Общение в письмах очень напоминало безмолвный призыв издалека, как в каменоломне. Поймет ли Марда, что пытается сказать ей Мири? Как передать целый мир тихой сестричке, живущей на вершине горы? Мири попытается. Нужны лишь перо и бумага.
Зима, двенадцатая неделя
Дорогая Марда!
Оказывается, про каждую провинцию Данленда написана своя история, кроме горы Эскель! Ты знала? Как будто нас вообще не существует. Я так много читаю, что теперь знаю больше о равнинных землях, чем о родном крае.
Сегодня видела крокус, он расцвел прямо на мощенной булыжником дороге. Мне стало грустно, сама не знаю почему. Наверное, я теперь больше похожа на этот голубой крокус, чем на цветок мири. Я вросла в городскую почву и не представляю, что смогу навсегда отсюда уехать.

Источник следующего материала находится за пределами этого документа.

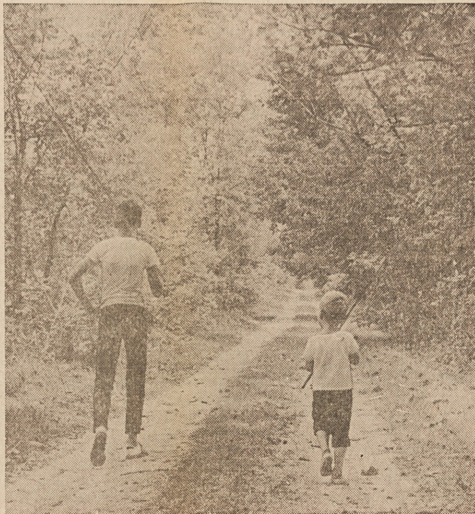
PO GOZDNI POTI — Fantička sta se spustila po gozdni poti proti bregu v Westervillu, Ill., kjer upata ujeti kako ribo.

on tako spremenil v svojem vedenju, sedaj sem moral prenehati z vsakim dvomom, ko sem videl, kako strastveno so mu žarele njegove oči. Tudi za hip ni odtegnil svojih pogledov od nje. Luciena sem gledal od strani, spremljevalko njegovo pa naravnost v obraz, zato sem jo lahko natanko opazoval. Krivično bi bilo, ko bi trdil, da je to ženska iz ulice. Obleka ji je bila sicer priprosta, sivkasta, toda zelo primerna.
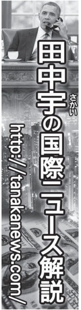
田中宇の国際ニュース解説
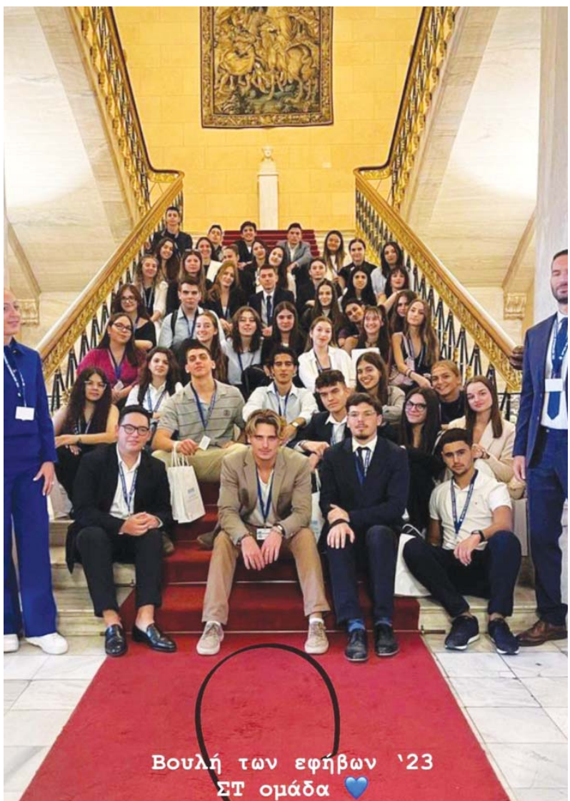
Βουλή των εφήβων '23 ΣΤ ομάδα

της Αμπέτειο με πολύ όρεξη, για να διερευνήσουμε σε βάθος τις γενεσιουργίες αιτίες της βίας σε όλες τις εκφάνσεις της ζωής μας. Είδαμε ταινίες μαζί με τα παιδιά, κάναμε αναρίθμητες συζητήσεις,
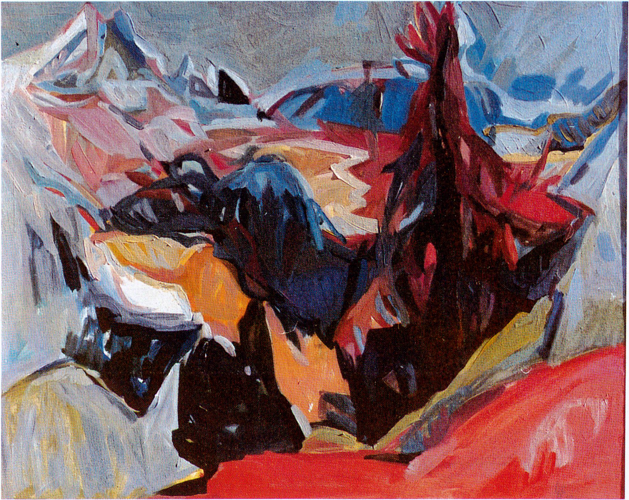
Piz Corvatsch, 1989, Öl, 50 x 61 cm

regte andere an, öffnete ihnen Herzen und Sinne. Wir begegnen einer Künstlerin von grosser Menschlichkeit und Wärme, voll Temperament, ja Jugendlichkeit. Da war nichts Abgeklärtes, Resigniertes. Sie war ein Mensch «aus einem Guss». Sie verkörperte Harmonie, Ausgewogenheit, vornehme Noblesse, Bescheidenheit. Dabei sprühte sie vor Leben, Energie und Humor, sie war voller Farben wie ihre Gemälde. Gleichzeitig spürte man ihre Sensibilität, ihre feinfühlig, verletzte Seele. Doch sie war auch tapfer, mutig, beherzt, tatkräftig und stark. Und nicht zuletzt war sie eine schöne Frau
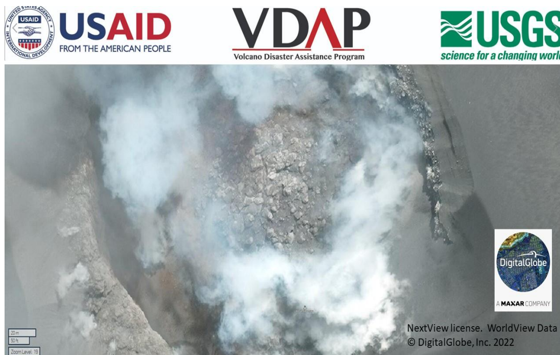
Figura 3.- Imagen satelital Digital Globe obtenida el 12 de mayo del cráter del volcán Sabancaya donde se aprecia el domo de lava (cortesía de USAID-VDAP-USGS).

Por otro lado, en la imagen satelital de Digital Globe obtenida para el 12 de mayo (Figura 3) se observa el domo de lava en crecimiento y que en la actualidad, sus dimensiones obtenidas a partir de una imagen PlanetScope del 20 de mayo, es de 210 m de diámetro en dirección Este-Oeste y 169 m de diámetro en dirección Norte-Sur (Figura 4).
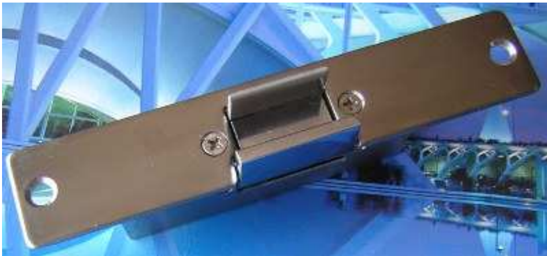
Trinco fechado com a porta de vidro encaixada
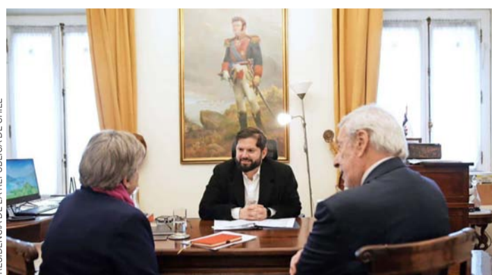
La secretaria de Estado mexicana se reunió con el Presidente Boric.

Un mecanismo de esta naturaleza conduce a las partes a realizar encuentros periódicos del más alto nivel para profundizar el diálogo político sobre cuestiones bilaterales e internacionales de interés mutuo. En la Asociación Estratégica que ambos países forjaron, se establecieron tres comisiones de trabajo que sientan las bases del constante diálogo bilateral: la Comisión de Asuntos Políticos, la Comisión de Cooperación y la Comisión de Libre Comercio. Durante el transcurso de los últimos meses, las tres comisiones tuvieron fructíferas reuniones de trabajo, en donde se registraron avances en tres dimensiones: el fortalecimiento de los contactos entre autoridades políticas al más alto nivel; la decisión de
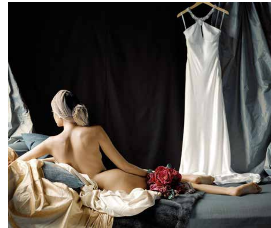
Rodney Smith | Odalisque No 1, Winfield Estate, Long Island | 2004

Photo London 2024 priniesol obrazy zo 44 miest na štyroch kontinentoch, predstavujúc dôležité diela od počiatkov média až po súčasnosť. Tohtoročný festival predstavil aj sólovú výstavu fantastickú kariéry Davida Baileya.
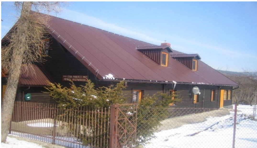
Zdjęcie 6. Kapelanówka z Izbą Pamięci Prymasa Stefana Wyszyńskiego

Obok klasztoru znajduje się drewniany domek, tzw. Kapelanówka z Izbą Pamięci Prymasa Stefana Wyszyńskiego.
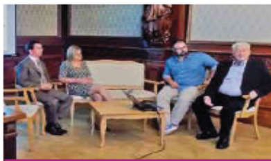
A fogyasztóvédelmi referensek nélkülözhetetlenek, értettek egyet a kerekasztal-beszélgetés résztvevői

esetben problémát, de a tisztességtelen piaci magatartás a minőséget szem előtt tartó cégeknek is veszteséget jelent.
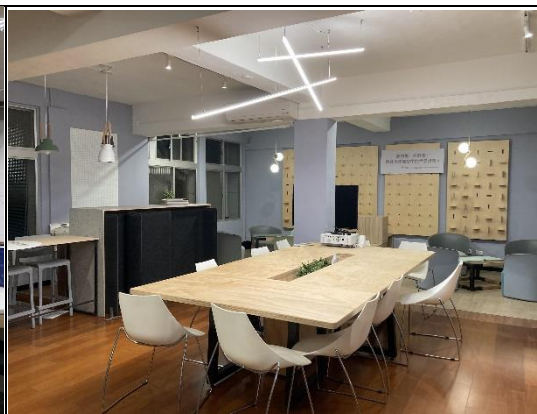
203 共創空間 B
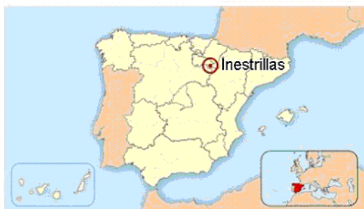
Ubicación de Inestrillas en España.

Salvo que no se complete el campo con voluntarios internacionales, se completaría con nacionales.
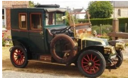
Taxi de la Mame

2014, célèbre le centenaire de la Grande Guerre qui a marqué l'Europe, la France et, bien-sûr, la Bretagne et les Bretons. Cette dramatique tranche d'histoire, commune avec différentes nations celtes, est soulignée par de nombreuses actions symboliques qui s'intègrent dans le programme du Festival pour le souvenir et la mémoire.
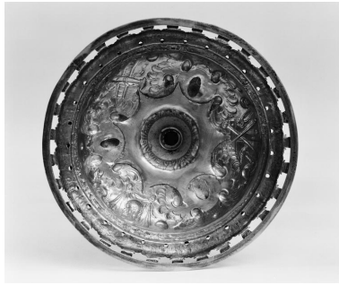
Détail du pied (revers).

Каждую ночь я закрываю глаза и пытаюсь представить родной дом. Но сегодняшняя моя жизнь постепенно захватывает все больше места у меня в голове, так что воспоминаниям о прошлом некуда поместиться. Я теперь знаю городские улицы, лица моих однокурсников. Я знаю столицу. И мне столько всего хочется сделать — жизни не хватит.
Я не единственная, кого изменил этот город. Видела бы ты Герти, когда она играет на лютне и поет с дворцовыми музыкантами, или Эсу, после того как она помогла появиться на свет малышу, или Фрид за работой в кузнице. После обеда у госпожи такой-то и господина такого-то Бена с Лианой «счастливы, как козы, напившиеся собственного молока», — матушка Дотер выразилась бы именно так. А еще есть Петер с его изделиями из камня.
Отец был прав. Хотя я по-прежнему маленького роста, я очень выросла — даже не знаю, помещусь ли теперь в нашем домике, в нашей деревушке. Да и остальные из нас.
Наверное, это письмо тебя огорчит. Меня оно огорчает, потому что я не могу представить, что вернусь домой навсегда. Сердце болит, когда я пишу эти строки, но в то же время я легко расправляю плечи оттого, что признала правду.
Все еще твоя сестра
Мири.
ГЛАВА ДВЕНАДЦАТАЯ
- Слышишь, листва аплодирует.
- Слышишь, ликует ветер.
- Слышишь, хохочет прибой.
- Былые порядки мертвы,
- Королева лишилась головы.
В тот день все застыло от холода — ни ветерка, ни солнышка. Небо было серое, как настроение у Мири. Она давно не разговаривала с Кэтар, и ей хотелось кое-что обсудить, прежде чем мчаться на занятия в Замок Королевы. Когда Мири наконец отыскала Кэтар, то обнаружила, что первым ее нашел Гаммонт. Они стояли в унылом зимнем саду, Гаммонт что-то говорил, улыбаясь, а Кэтар явно страдала от услышанного.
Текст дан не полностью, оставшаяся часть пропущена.